The Wooster Group’s newest production, A Pink Chair (In Place of a Fake Antique) was commissioned by the Adam Mickiewicz Institute as part of the Tadeusz Kantor centennial as a tribute to the famous Polish director. The show is based on Kantor’s 1988 piece, I Shall Never Return and his 1942 adaptation of Stanisław Wyspiański’s The Return of Odysseus.

Although he began his career as a painter and worked as a professor at the Academy of Fine Arts in Cracow, Tadeusz Kantor (1915-90) is currently considered one of the most important theatre artists of the twentieth century, and some argue, the most important Polish theatre director.
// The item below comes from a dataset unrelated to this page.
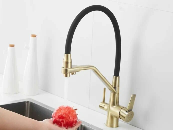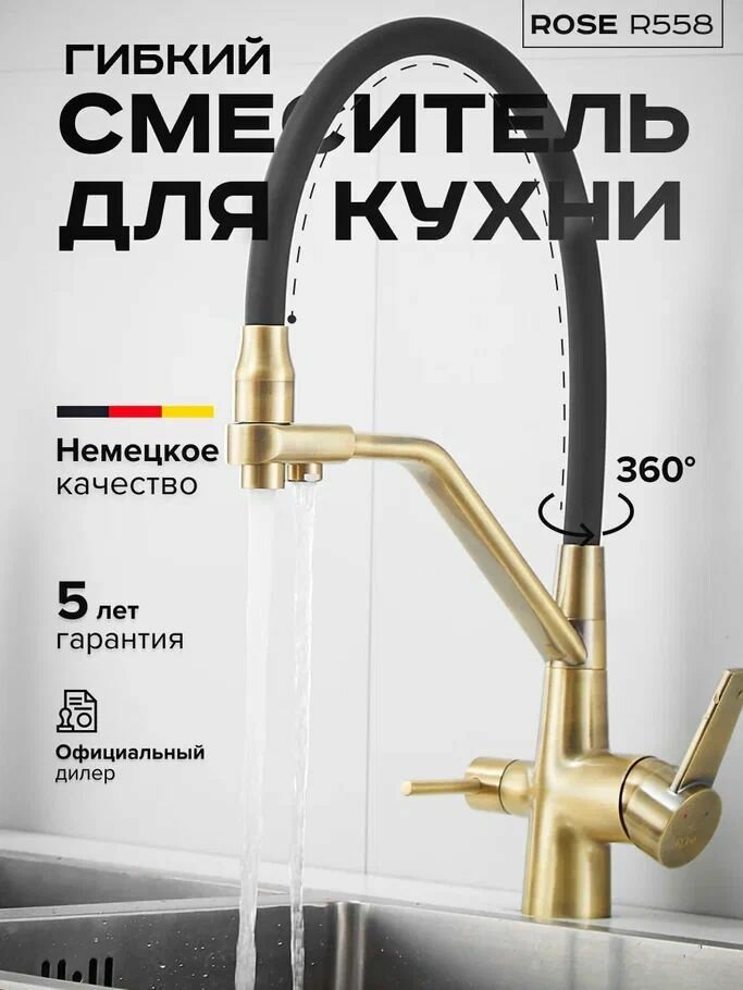 Смеситель для кухни с гибким изливом и подключением фильтра для воды Rose R558E, золото

His theories and aesthetics have influenced nearly all the major figures of the modern avant-garde, including Reza Abdoh, Robert Wilson, Frank Castorf, Krystian Lupa, Richard Foreman, Moisés Kaufman, the Quay Brothers, and many others. Kantor’s work with happenings, bio-objects, and theatrical space provided a blueprint for the development of postmodern avant-garde theatre and performance art.

Founded in 1955, throughout 35 years of experiments with actors, objects and space, Kantor’s Cricot 2 theatre would undergo a progressive transformation, from the Autonomous Theatre (1956) through the Informel Theatre (1961), the Zero Theatre (1963), the Happening Theatre (1967), and the Impossible Theatre (1971-72), to the final period of the Theatre of Death (1975-90). Each stage in the development of the Cricot 2 Theatre would be announced in a manifesto written by Kantor to crystallize his newly-evolved ideas. Tested and incorporated for a while, they would lead to new discoveries and to a new form of theatre.
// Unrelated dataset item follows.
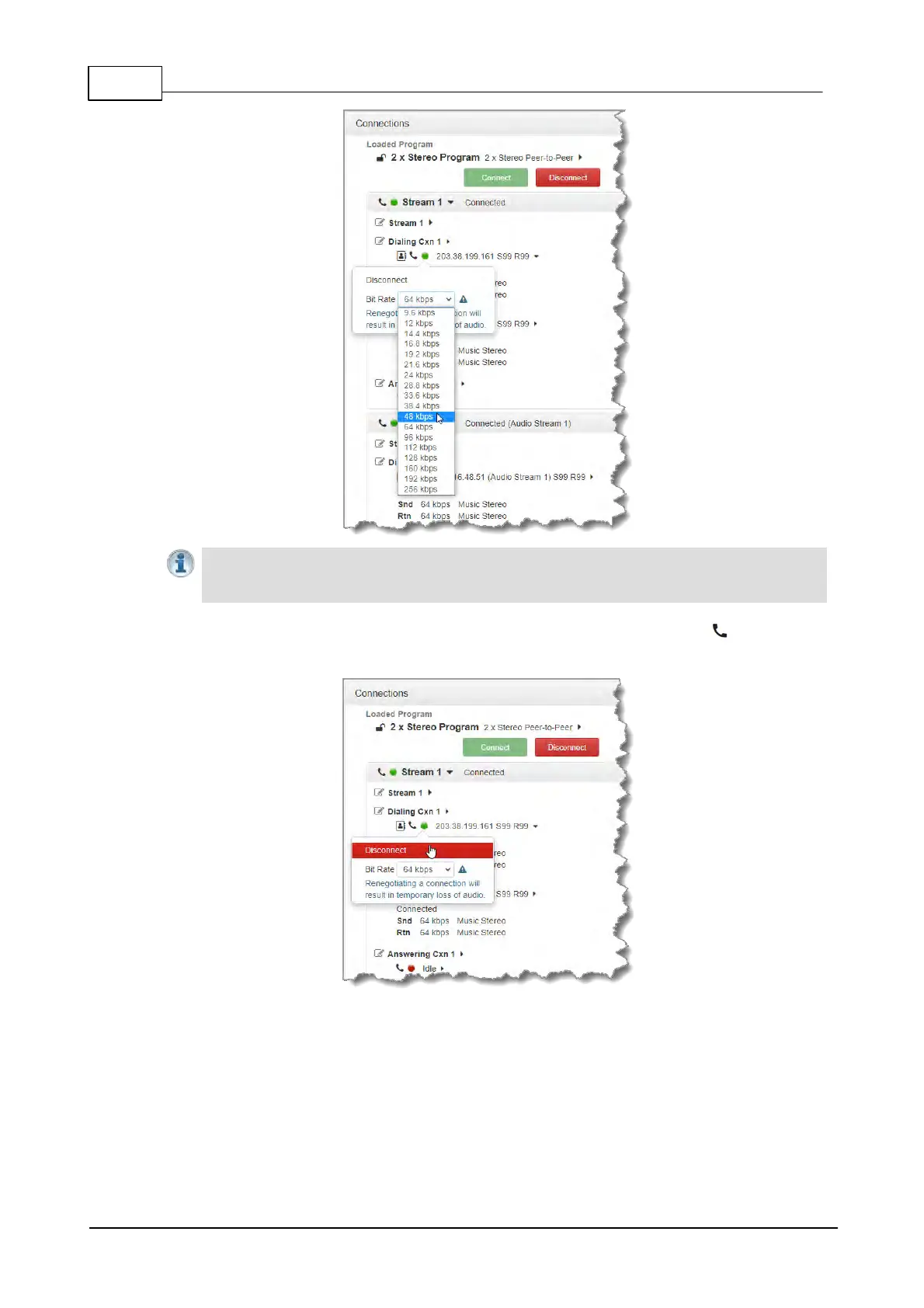 · It is not possible to renegotiate the connection bit rate of a SIP connection.

While The Return of Odysseus is Kantor’s early pre-Cricot 2 work, I Shall Never Return belongs to the last, mature phase of his Theatre of Death (what many consider to be the quintessential Kantor). In many ways, I Shall Never Return is a collage of Kantor’s previous shows. Set in a bar with tables, the show alludes to many of Kantor’s regular characters: there is the Cleaning Woman (though as different persons, her character appears in almost all of his shows); there is the group of marching soldiers (who also appear in Wielopole, Wielopole, Let the Artists Die, and later, in Today Is My Birthday); there is Kantor’s own mannequin getting married (his double, which also appears in the brilliant Machine of Love and Death).

Kantor’s I Shall Never Return doesn’t have a dramatic script, but the structure of the show is somewhat comparable to Pirandello’s Six Characters in Search of an Author. In I Shall Never Return, the actors rebel against their maestro by excavating for the public their deepest, most intimate fears to the public, as though to refute his theory that it is impossible to do so. We witness the psychological process of disintegration of the actor’s self and the actors’ revolt against it. The revolt also illustrates a conflict between the actors striving to preserve their own subjective existence and the author’s striving to convey his own subjective message. The actors arrive, quarrelsome and complaining, ‘looking for their author,’ without whom they can have no real existence even though they reject the forms of existence imposed on them … For the first time, the characters from Cricot 2 revolt against being directed into ‘one circus gesture’ and the unending conflict with the bio-objects they are assigned to. They no longer wish to be hired only to display the ‘dark side’ of recollections that is, in the end, impossible to resurrect.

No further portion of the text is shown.